Task details: Begin at the line that holds "Ta čudovita božična" and copy each line exactly until the data below ends, including that last line but no pictures.
━━━━━━━━━━━━━━━━
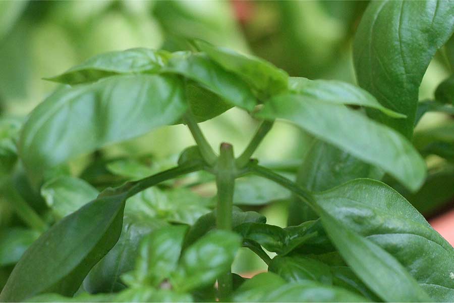• Basil: regularly remove flower buds and harvest leaves to keep the plant bushy
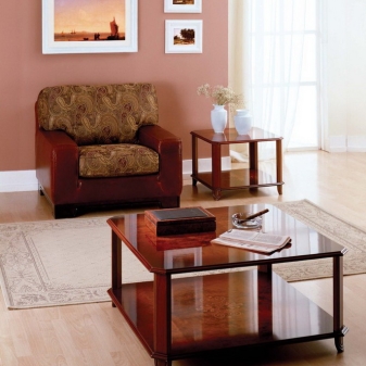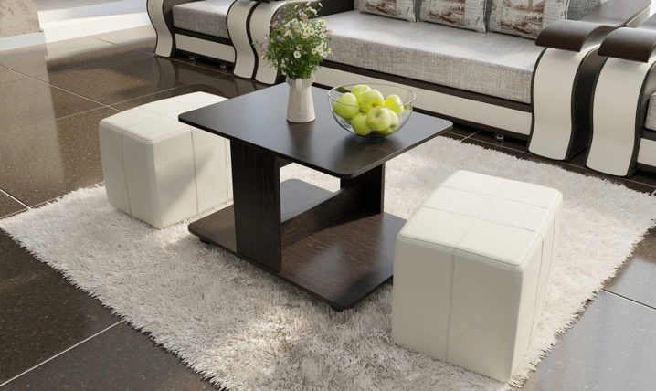 Ако по -късно мебелът ще бъде използван за рисуване от дете или като подложка за крака, тогава не трябва да избирате високи модели. Когато масата е разположена между фотьойли или диван и фотьойл, височината й не трябва да надвишава височината на подлакътника на мека мебел.
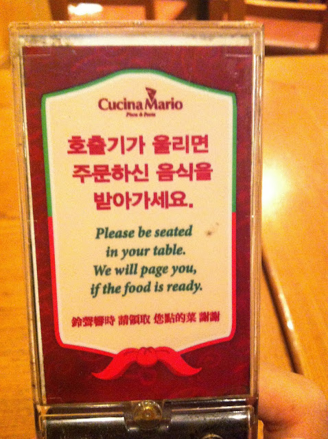 sedang menunggu pesanan pizza di restaurant di Everland, seperti biasa di Korea, banyak kalimat dalam bahasa Inggris yang terdengar aneh atau nggak normal x)))
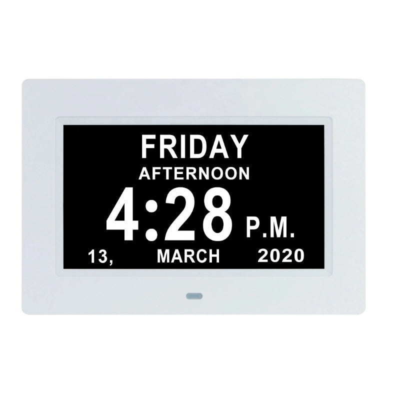 7 "Inch Digital Clock Calendar with Date Day Reminder 12H 24H 2 Modes for Elderly and Children White
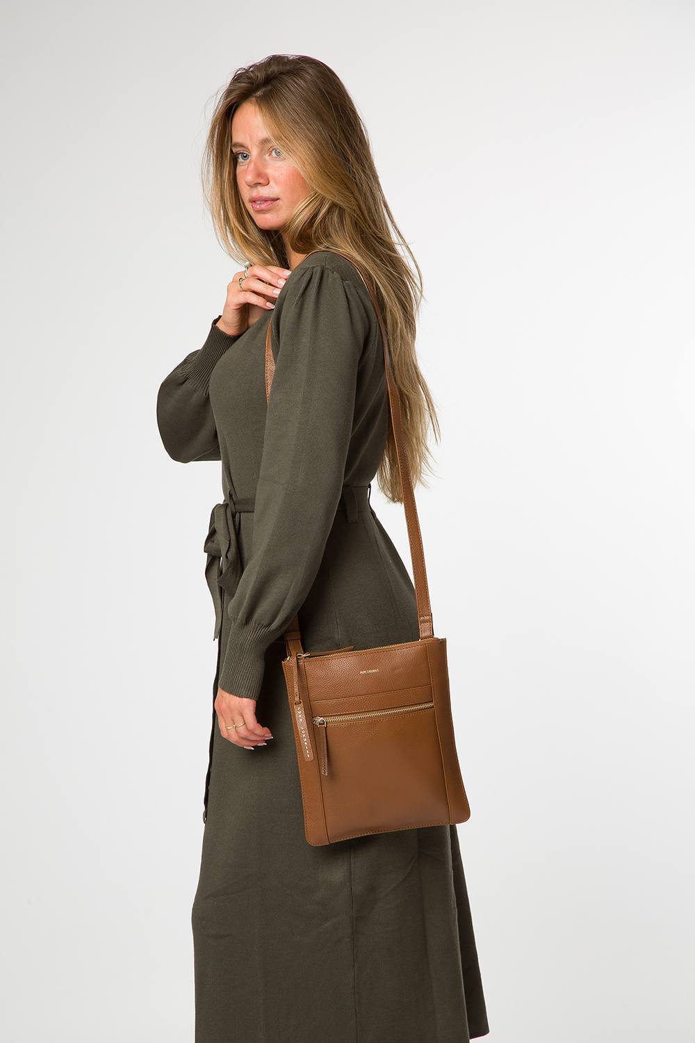 The Pure Luxuries London Tan Leather Cross Body Bag is available in sizes ONE SIZE.
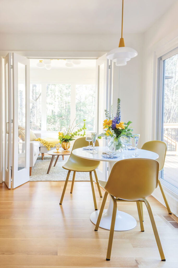 Nadeau also followed the MCM style of “bringing the outdoors inside.” First, to counter the home’s north-facing façade, which limited natural light, she added five exterior windows. The new windows open the home to the property and let the sunshine pour in. Maria says the breakfast nook and adjacent sunroom are especially “happy and light-filled” spots where she drinks her morning coffee and feels at once calm and revitalized.
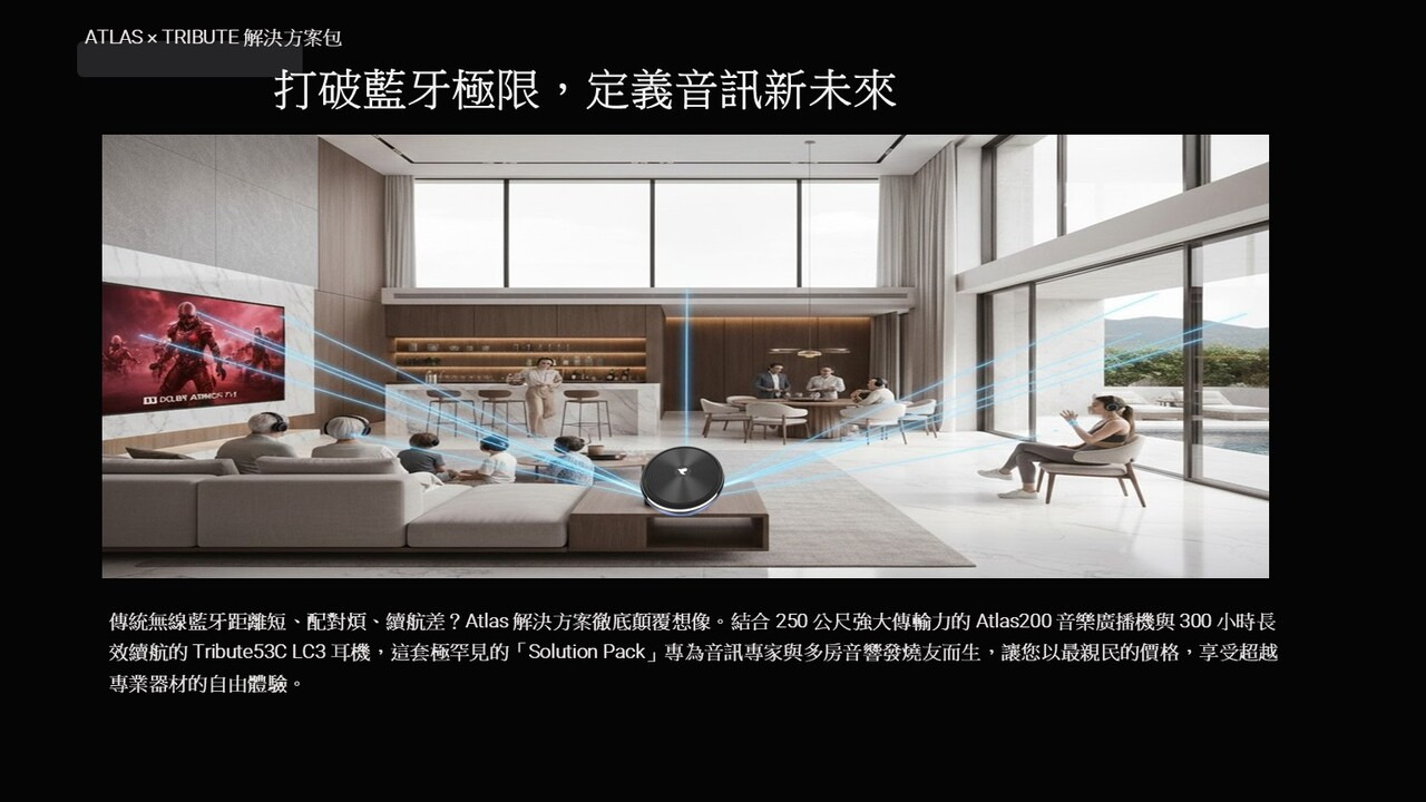 5.音質核心硬體:Atlas 100 LC3音樂廣播機 + Tribute 53C LC3耳機_2入。
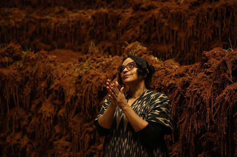 “El espacio vientre” es una reflexión sobre cómo el hombre se siente separado de la naturaleza por su soberbia y, al mismo tiempo, un espacio para el reencuentro con la tierra, la fertilidad y las mitologías ancestrales, dice la artista colombiana Delcy Morelos.
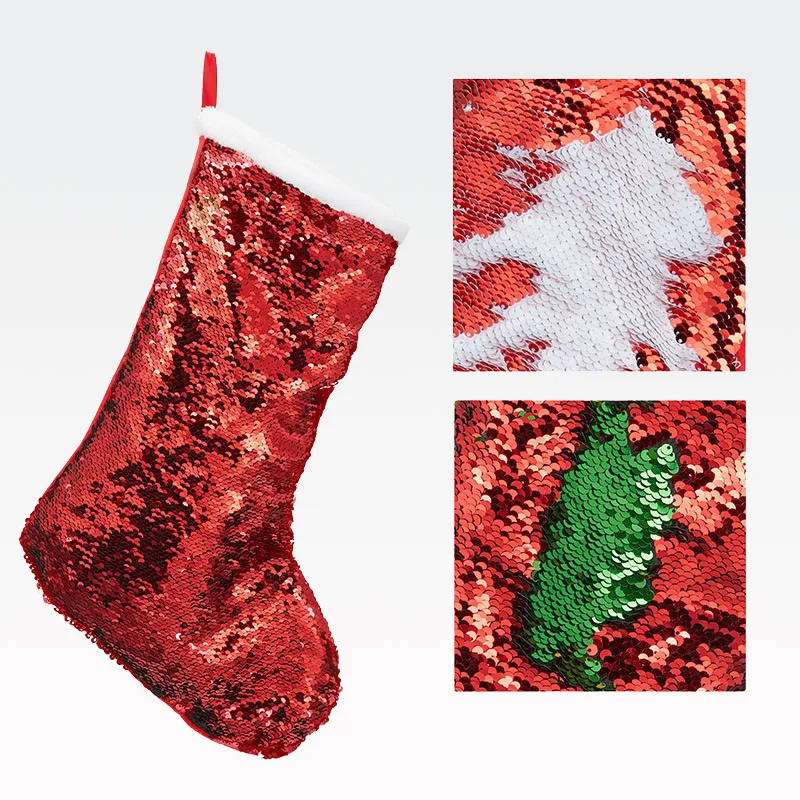 Ta čudovita božična nogavica je popolna za dodajanje sijaja in bleščic vašemu božičnemu okrasju. Nogavica je izdelana iz 100% poliestra in ima dolžino 40 cm, kar jo naredi za odličen dodatek k vaši božični dekoraciji.
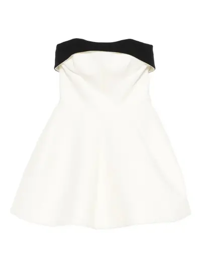 white strapless panelled design above-the-knee length a-line skirt black trim
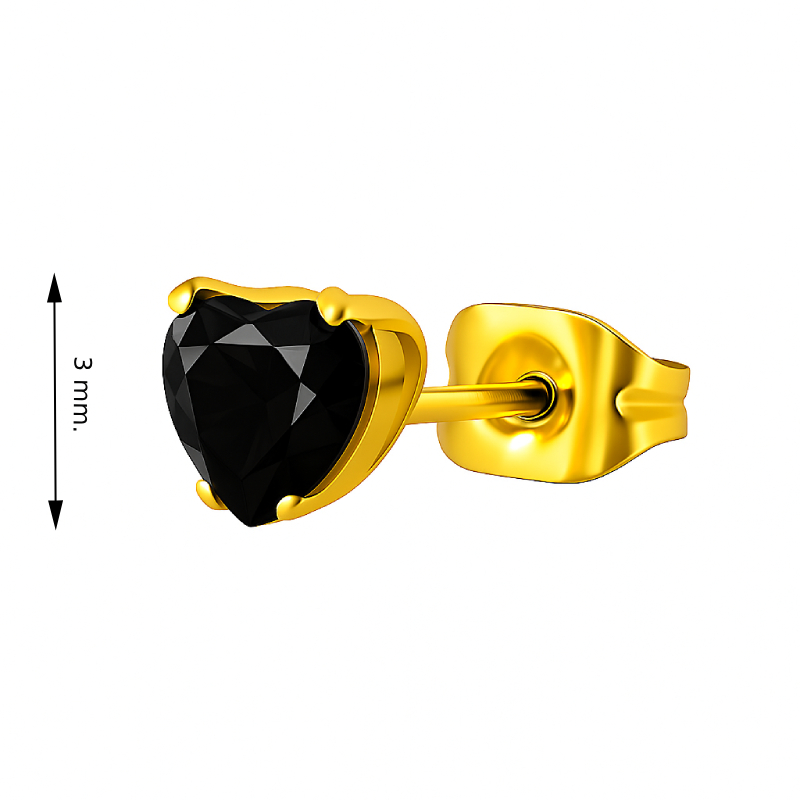 Jedna elegantna minđuša od hirurškog čelika u zlatnoj boji sa crnim sintetičkim dijamantskim kamenom veličine 3 mm u obliku srca. Postojana, antialergijska i sjajna – savršen izbor za moderan, sofisticiran izgled sa dozom mističnosti.
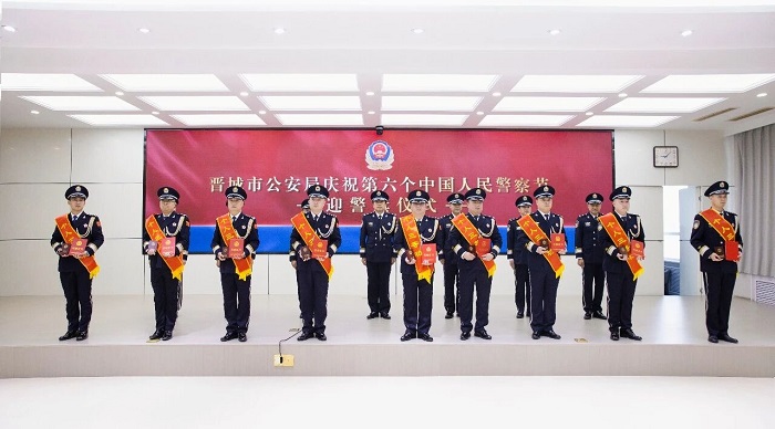 仪式上,贺文代表晋城市公安局党委向全市公安民警辅警致以节日的祝贺和诚挚的问候。他指出,过去的一年,全市公安机关广大民辅警日夜坚守、默默付出,按照“整体工作创一流、单项工作争第一”的目标,忠诚履职、实干担当,有力确保了全市社会治安大局持续稳定。他强调,全市公安民警辅警要自觉践行“对党忠诚、服务人民、执法公正、纪律严明”的庄严承诺,锚定更高目标、扛起更重担当,奋勇拼搏、阔步前行,为奋力谱写中国式现代化晋城篇章作出新的更大贡献!
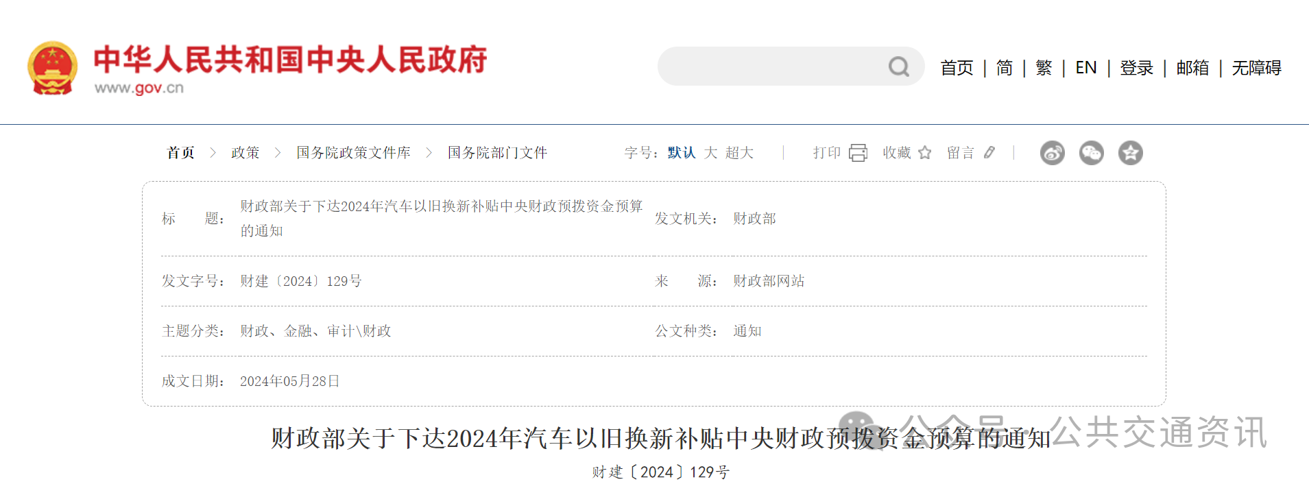 财政部关于下达2024年汽车以旧换新补贴中央财政预拨资金预算的通知
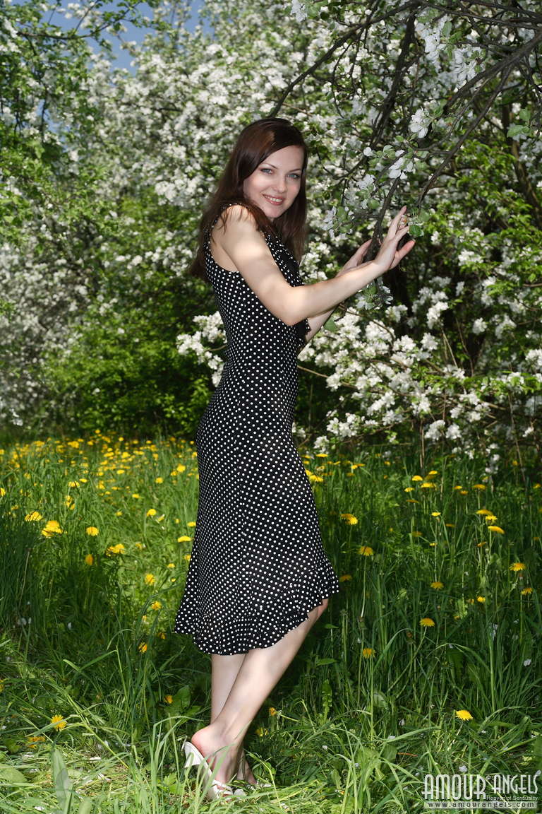 Captivating attractive angel has gone to the garden to wander there fully nude and to entertain with her striking humps.
━━━━━━━━━━━━━━━━
Output:
 Ta čudovita božična nogavica je popolna za dodajanje sijaja in bleščic vašemu božičnemu okrasju. Nogavica je izdelana iz 100% poliestra in ima dolžino 40 cm, kar jo naredi za odličen dodatek k vaši božični dekoraciji.
 white strapless panelled design above-the-knee length a-line skirt black trim
 Jedna elegantna minđuša od hirurškog čelika u zlatnoj boji sa crnim sintetičkim dijamantskim kamenom veličine 3 mm u obliku srca. Postojana, antialergijska i sjajna – savršen izbor za moderan, sofisticiran izgled sa dozom mističnosti.
 仪式上,贺文代表晋城市公安局党委向全市公安民警辅警致以节日的祝贺和诚挚的问候。他指出,过去的一年,全市公安机关广大民辅警日夜坚守、默默付出,按照“整体工作创一流、单项工作争第一”的目标,忠诚履职、实干担当,有力确保了全市社会治安大局持续稳定。他强调,全市公安民警辅警要自觉践行“对党忠诚、服务人民、执法公正、纪律严明”的庄严承诺,锚定更高目标、扛起更重担当,奋勇拼搏、阔步前行,为奋力谱写中国式现代化晋城篇章作出新的更大贡献!
 财政部关于下达2024年汽车以旧换新补贴中央财政预拨资金预算的通知
 Captivating attractive angel has gone to the garden to wander there fully nude and to entertain with her striking humps.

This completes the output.